Pureza genética e garantia de qualidade são benefícios do uso de sementes certificadas.

Sementes certificadas são o insumo mais importante na agricultura. Afinal, elas carregam todo potencial produtivo da planta, além do investimento em melhoramento genético e biotecnologia, ou seja, é uma importante tecnologia.
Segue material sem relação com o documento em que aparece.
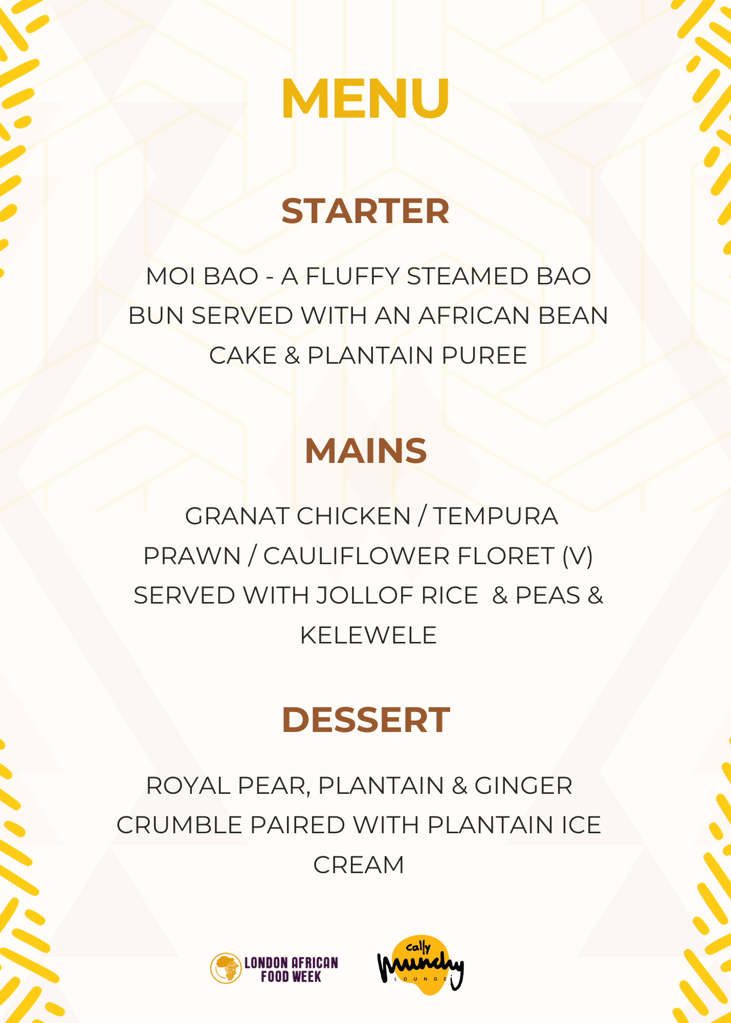 Trained at the De Vere Academy and Pinsent Masons, Chef Ebenezer brings his expertise to the table as we jointly present a meticulously crafted three-course meal, spotlighting the beloved plantain in a myriad of delectable formats. Get ready for an unforgettable fusion of flavours and culinary innovation!

Aprendemos qual a função de uma semente lá na infância, quando fizemos nosso primeiro experimento, com algodão e um feijão. A partir dele foi possível acompanhar o crescimento e desenvolvimento de uma nova planta. Na agricultura, as proporções se tornam maiores, mas ainda assim são as sementes, as responsáveis pela multiplicação de muitas espécies vegetais.

A escolha de uma semente ruim compromete a produtividade da lavoura e traz prejuízos financeiros aos produtores. Dessa forma, para que haja garantia de qualidade é preciso que o produtor invista em sementes certificadas.

A não utilização de sementes de alto valor pode deixar o agricultor às margens da inovação tecnológica presente nas cultivares.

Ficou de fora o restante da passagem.